Однажды я провела так всю неделю в весеннем Лос-Анджелесе, играя день и ночь на скрипке посреди оживленных улиц, когда Рэйчел не стало, а мои финансовые запасы иссякли. Еще наивная и неиспорченная, я тогда и не мыслила о воровстве, ведь ведьмы ковена Шамплейн не воруют – это делают люди, а мы выше людей. Теперь-то я знаю, что это не так.
Вот и сейчас звон монет, сыплющихся в футляр, нарастал. Я играла «Времена года» Вивальди, начав с «Грозы». Она была первым, чему меня обучила мама из сложного репертуара. Мне тогда только исполнилось десять, а мое музыкальное детство с упрощенными версиями Моцарта уже закончилось. К четырнадцати годам я умела исполнять то, чего многие не умели и в двадцать, но и времени на практику уходило достаточно. Звуки скрипки с младенчества служили мне не только отдушиной, но и уроком титанического труда: чтобы услышать прекрасное, нужно было рассечь подушечки пальцев в кровь и не спать ночами. Так же дела обстояли и с магией – мама пыталась донести до меня это с помощью скрипки. Ей удалось привить мне рвение к музыке, а вот ко всему прочему…
Я закрыла глаза, потянувшись к солнечным лучам, которые превращали небо в клубничный зефир, и симфония сменилась на «Лето».
Прошло больше двух часов, и у меня стали неметь от холода пальцы. К закату температура на улице опускалась почти до нуля. Забывшись в любимом занятии, я не заметила, как осенний ветер нагнал тучи. Промозглый дождь не заставил себя долго ждать, и толпы на улицах начали редеть. Я поспешно завершила свое выступление симфонией Лало, решив, что на сегодня хватит.
Спрятавшись глубже под ветви деревьев, я наклонилась к футляру, вытряхивая оттуда деньги, чтобы сложить инструмент.
– Шестьдесят долларов, – прикинула я на глаз, раскладывая деньги по карманам, и вдруг запнулась. – А с этим мне что делать?!
Покрутив в пальцах крупную серебряную монету Веймарской республики, я невольно прыснула со смеху. Неужто мимо проходил нумизмат? Блестящая, она была начищена до блеска, будто ее отчеканили только вчера. Никаких пятен коррозии. Кто-то очень хорошо заботился о ее сохранности. И, подняв глаза, я поняла кто.
Высокая, худая, с длинными и блестящими вишневыми волосами, похожими на лисий мех, передо мной стояла Аврора. Как всегда, ягодная помада на губах, а аметистовые глаза подведены фиолетовым. Ее женственность прослеживалась даже в том, как грациозно она держала зонт, стоя на высоких шпильках. Из-под затемненных стекол дорогих очков она взирала то на меня, то на мою скрипку.

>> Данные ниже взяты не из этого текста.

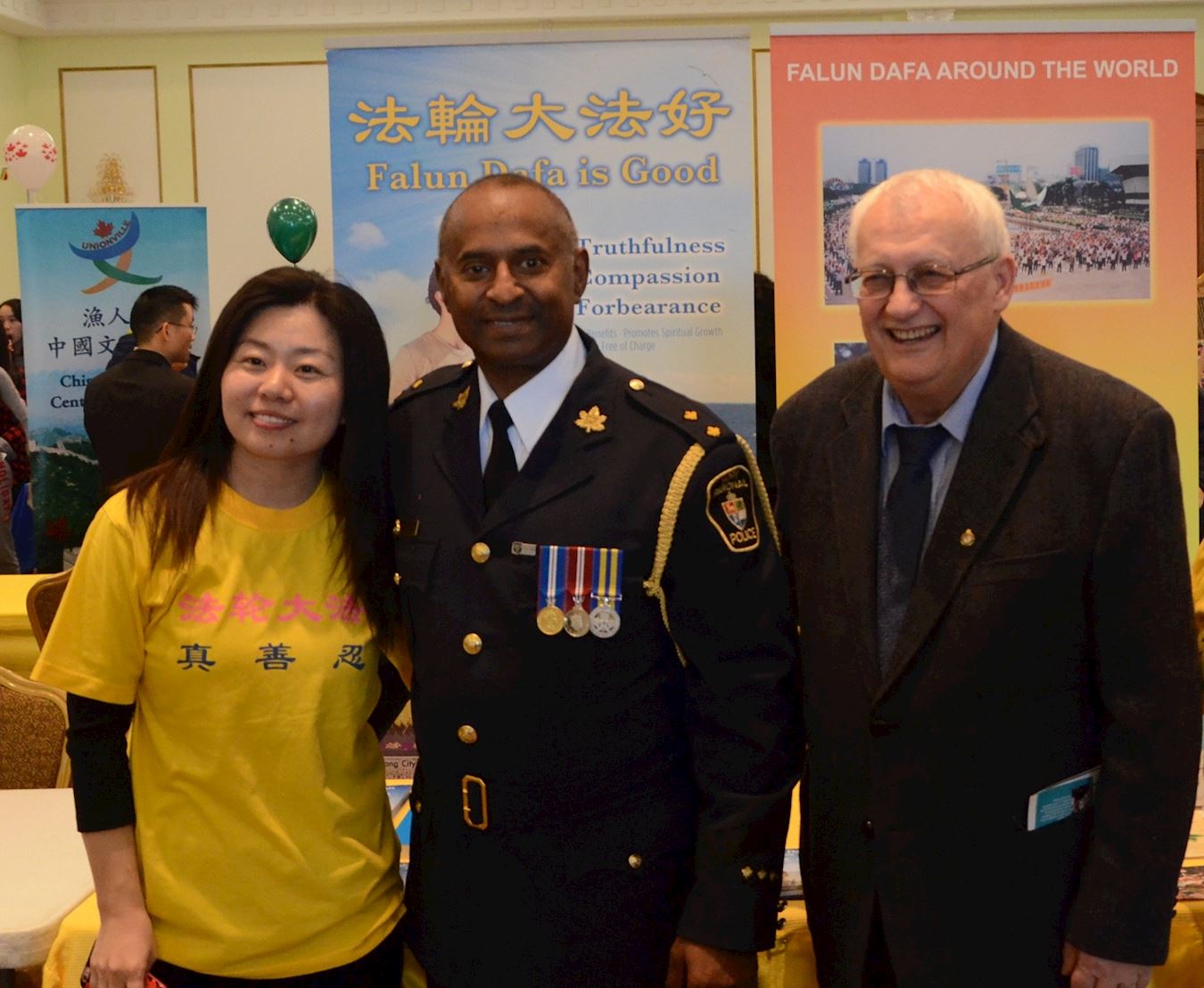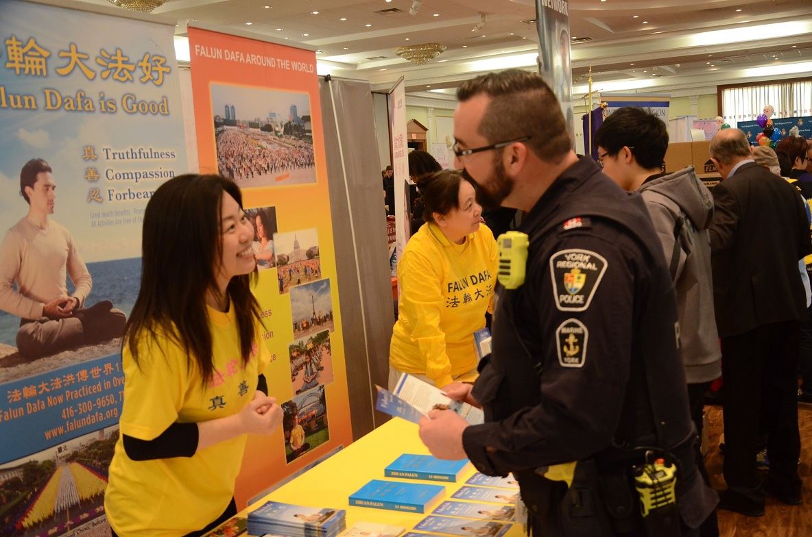 活动在传统的仪式中开始,约克区警察总长艾里克·乔里夫以及各级政府议员都前来支持本次活动,在活动大厅的门口,警官肯特(Kent)先生和法轮功学员攀谈起来,他说这已经是第十五年约克区警察局举办这样的活动了,他很高兴看到多年来法轮功学员在社区中的贡献,也非常欢迎法轮功学员。
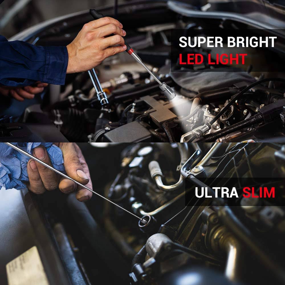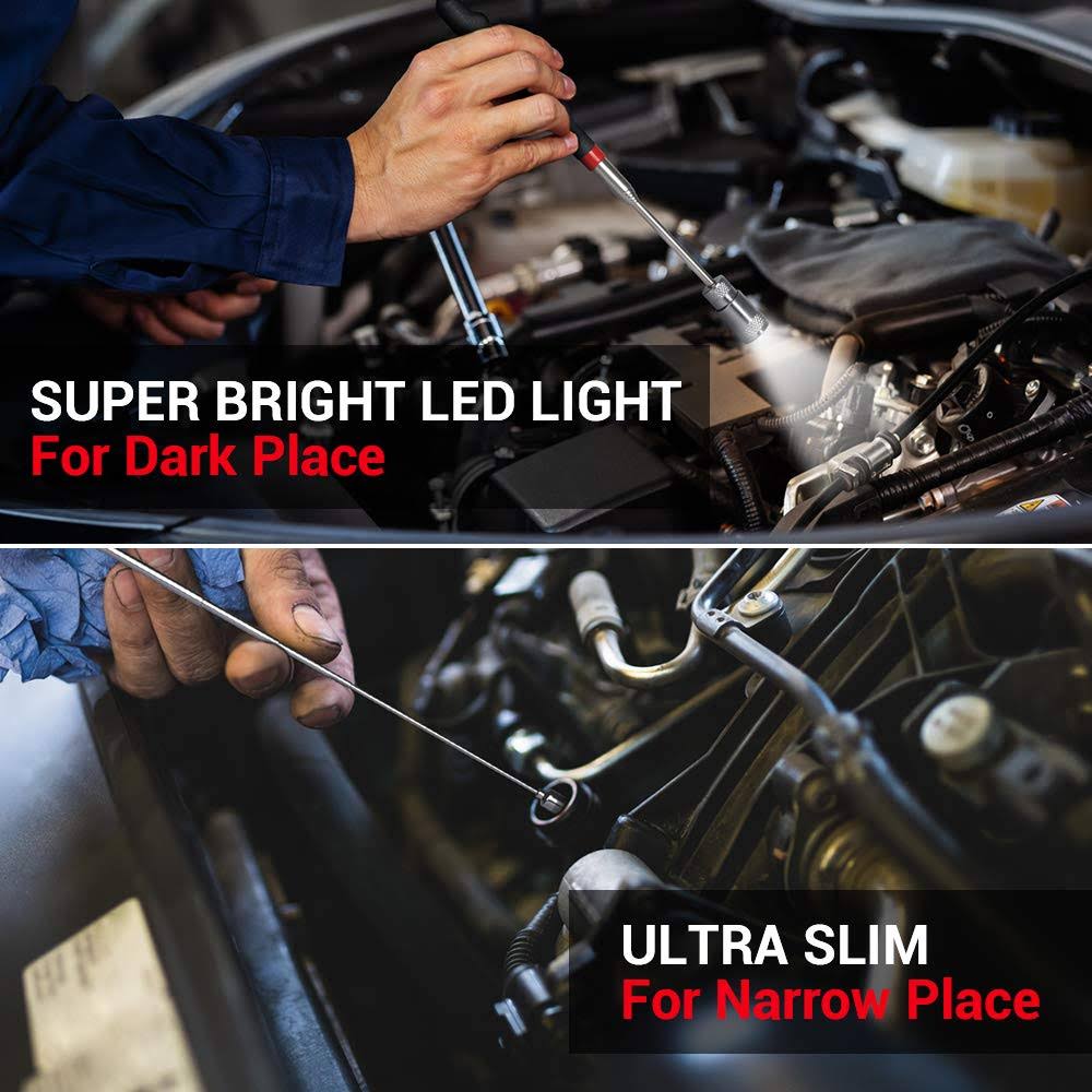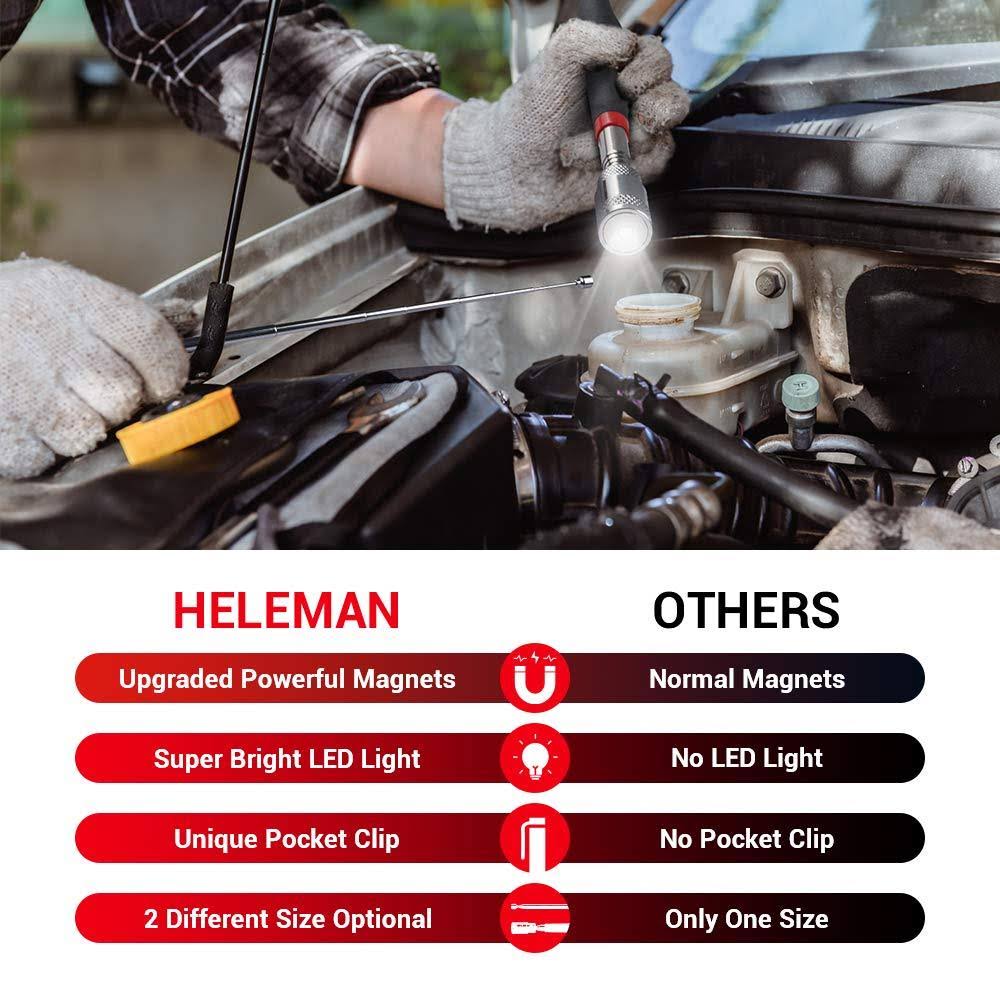 HELEMAN Magnetic Pickup Tools Gifts for Men- 2 Pcs Christmas Stocking Stuffers for Men Dad Birthday LED Telescoping Pick Up Tool Set Strong Magnet Fo

– Верховная ведьма, побирающаяся на улице, как бродяжка, – сказала она брезгливо. – Не думала, что мне когда-то доведется лицезреть что-то более ничтожное, чем аннексия Германии после Первой мировой. Уж не за этим я ехала сюда из самого Нью-Йорка.
– Бедняжка, – ядовито заметила я, смахнув с лица мокрую прядь волос, и швырнула серебряную монетку ей в ладонь, обтянутую замшей лиловой перчатки. – А разве вы еще не переселились в Бруклин? Мама рассказывала, твой ковен бедствует уже пятое десятилетие, даже продал имение на Бродвее, лишь бы не возвращаться в Австрию. Однако, погляжу, наряд у тебя не из секонд-хенда… Значит, не так уж все и плохо.
Аврора высокомерно повела бровью.
– Посмотрела вот сейчас на тебя и вдруг поняла, что да, действительно не так уж плохо.
Я молча захлопнула футляр, пока туда не успела натечь вода. Закинув скрипку на плечо, я исподлобья взглянула на Аврору.